Starting at the line that contains "2025年,公司流动比率为1.05,速动比率为0.96。" and stopping after the line that contains "意味不明あだ名 | 『とにかく怪しいはやしりお』 |", transcribe the listing below exactly; do not include any pictures.

▸ Provided information:
*****
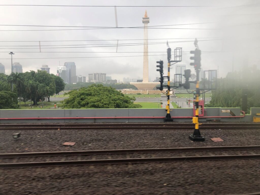 Gambir駅付近を走行中の車内からモナス(Monumen Nasional)が見えます。モナス(Monumen Nasional/国家記念塔)は、ジャカルタの中心、メルデカ広場にそびえ立つ、インドネシア独立を記念して建てられた高さ132メートルの記念塔です。1961年に建設が始まり、1975年に一般公開されました。塔の頂上には「永遠の炎」を象徴する金箔(約35kg分)が飾られており、インドネシアの独立の精神を表しています。展望台からはジャカルタ市内を一望でき、天気の良い日には遠くの海まで見渡すこともできます。塔の内部には独立の歴史を紹介する博物館があり、インドネシア建国の歩みを映像や展示で学ぶことができます。夜にはライトアップされ、昼間とは違った幻想的な雰囲気に包まれます。
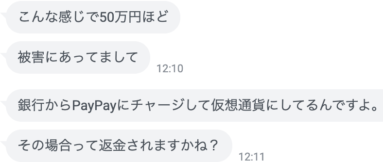 PayPayを使って例の仮想通貨もどきの業務を行って資金が尽きてしまった例です。
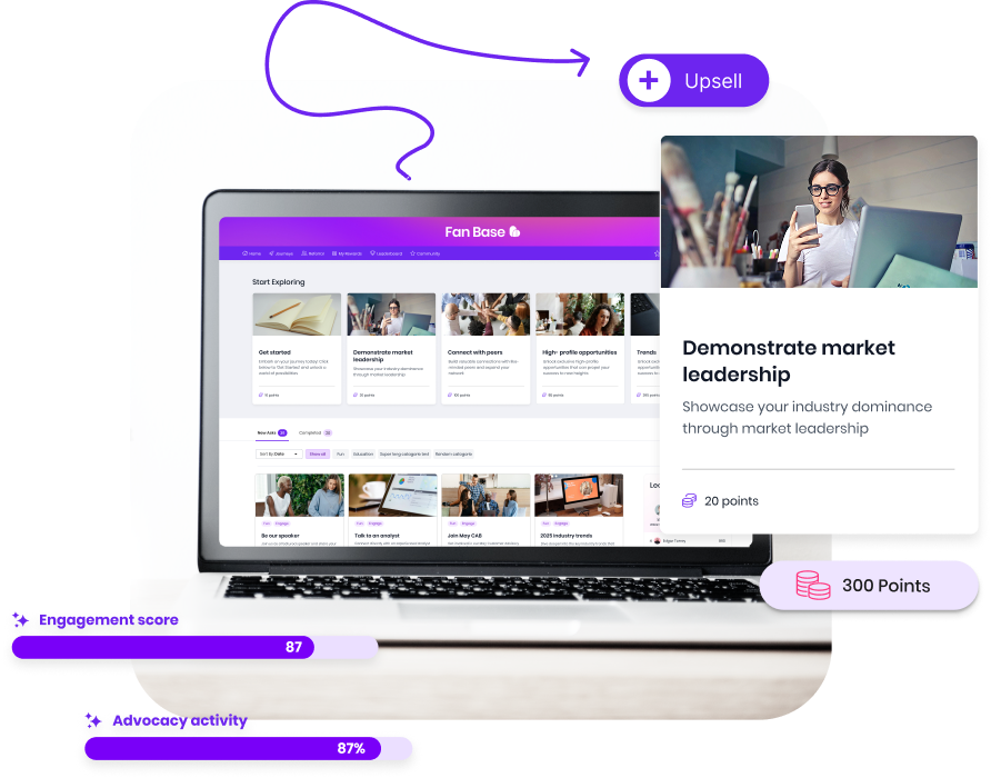 Fine-tune gamification mechanics for every program type and audience. Configure rewards, leaderboards, and recognition to match your audience — from C-suite executives to power users — and keep advocates motivated and active.
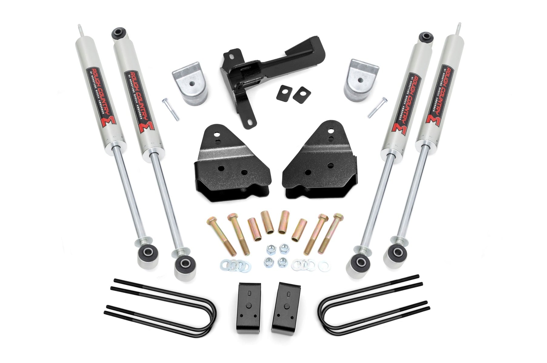 A set of Rough Country's premium N3 shocks are also included. These fine tuned 10-stage variable high-pressure Nitrogen charged shocks offer a fantastic blend of off-road action and smooth highway ride quality. With a durable 18mm spring-loaded piston rod and faster-cooling 54mm shock body.
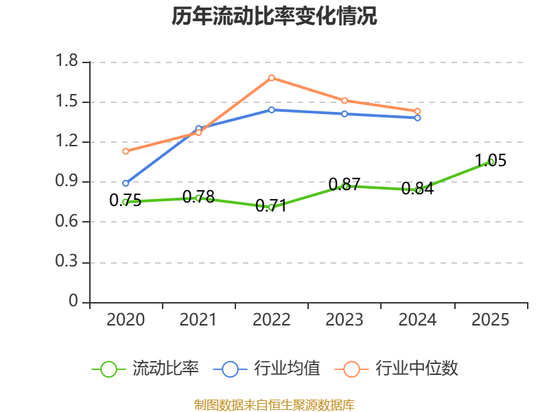 2025年,公司流动比率为1.05,速动比率为0.96。
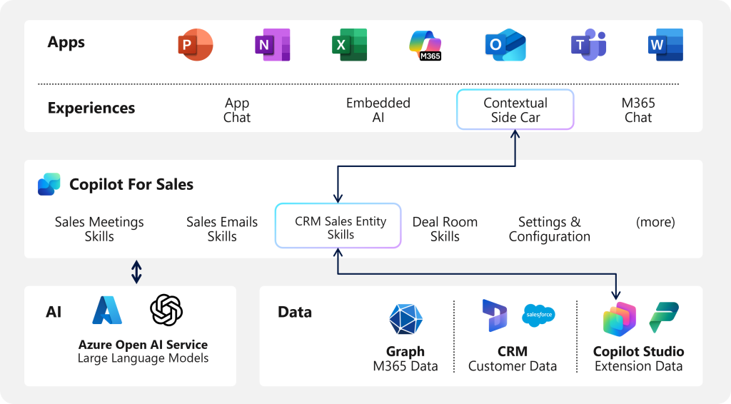 At the top, we have the Microsoft 365 applications where sellers work: PowerPoint, OneNote, Excel, Planner, Outlook, Teams, and Word. These apps host different Copilot for Sales experiences:
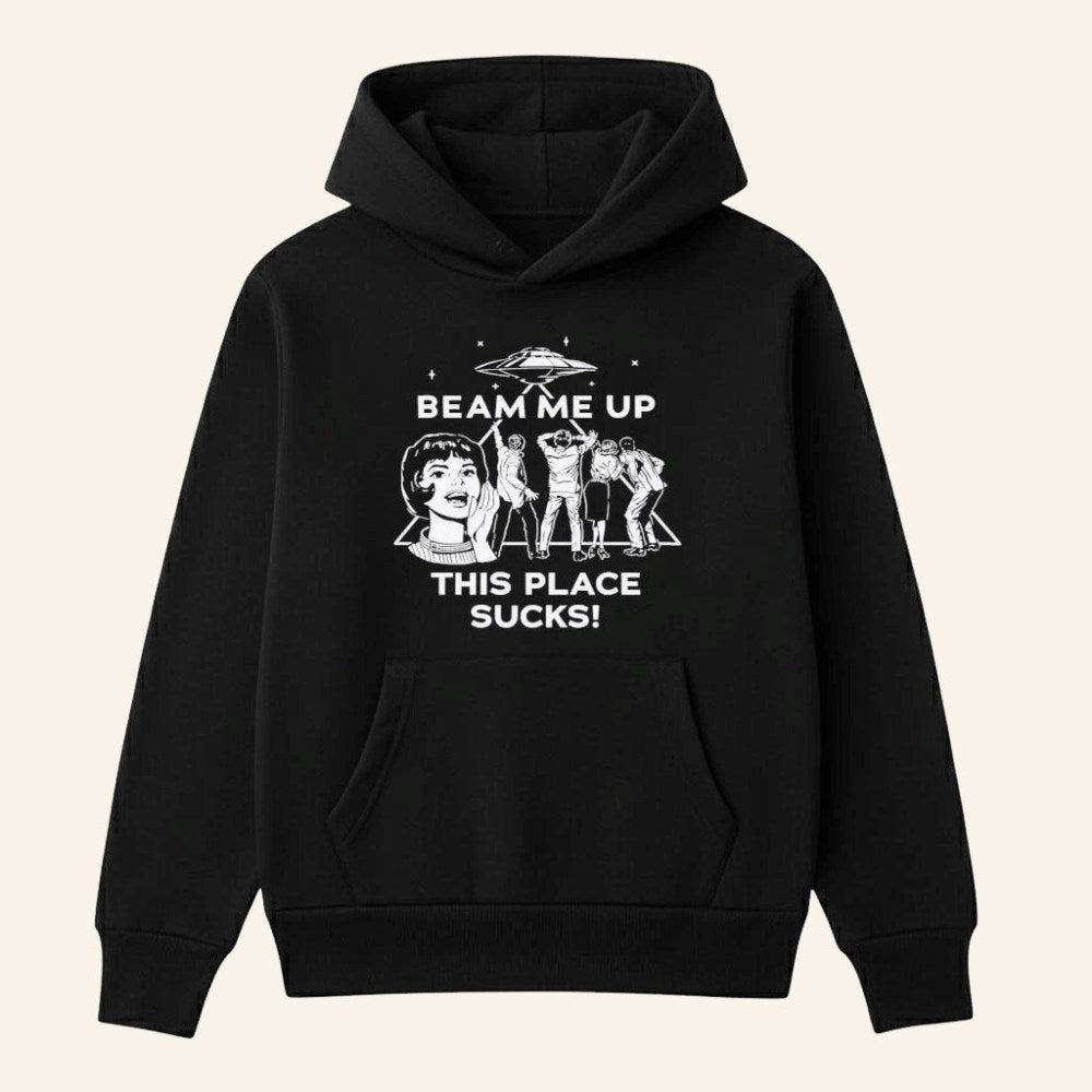 Beam Me Up This Place Sucks Hoodie Stranger Things Merch Christmas Gift Ideas For Sister - Thriftgiftshop
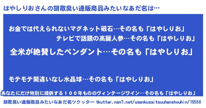 | 意味不明あだ名 | 『とにかく怪しいはやしりお』 |
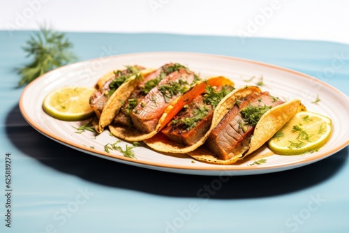 Tacos de Lengua served on a turquoise plate against a white background, focusing on the juicy texture of the beef
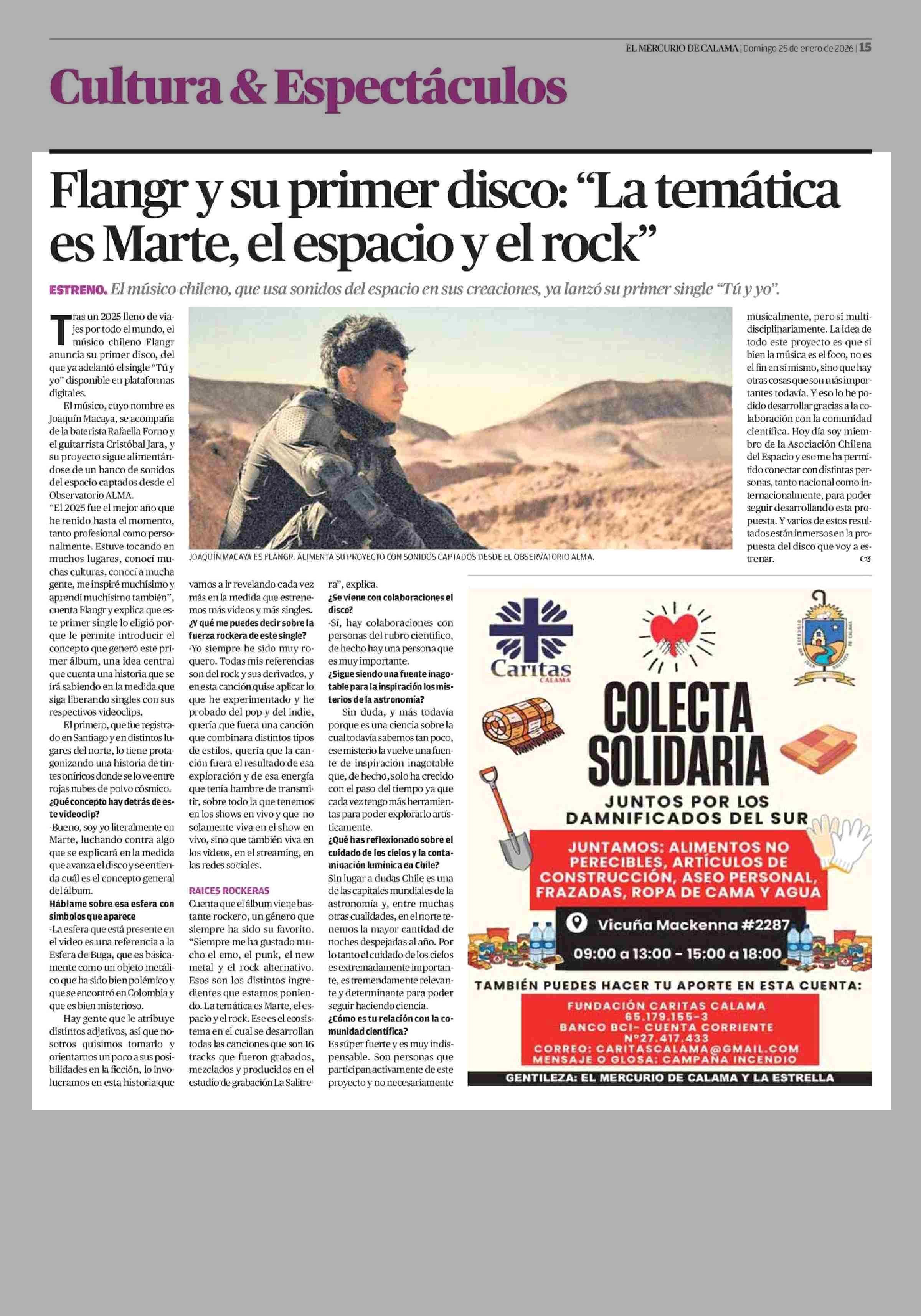 Flangr y su primer disco: "La temática es Marte, el espacio y el rock" 25-01-2026 El Mercurio de Calama |
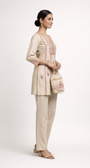 Paired with matching shimmer silk pants in a clean, tailored finish, this coordinated ensemble creates a graceful and effortlessly chic statement—perfect for festive gatherings, daytime celebrations, or elegant evenings out.
*****
▸ Output of the exercise:
 2025年,公司流动比率为1.05,速动比率为0.96。
 At the top, we have the Microsoft 365 applications where sellers work: PowerPoint, OneNote, Excel, Planner, Outlook, Teams, and Word. These apps host different Copilot for Sales experiences:
 Beam Me Up This Place Sucks Hoodie Stranger Things Merch Christmas Gift Ideas For Sister - Thriftgiftshop
 | 意味不明あだ名 | 『とにかく怪しいはやしりお』 |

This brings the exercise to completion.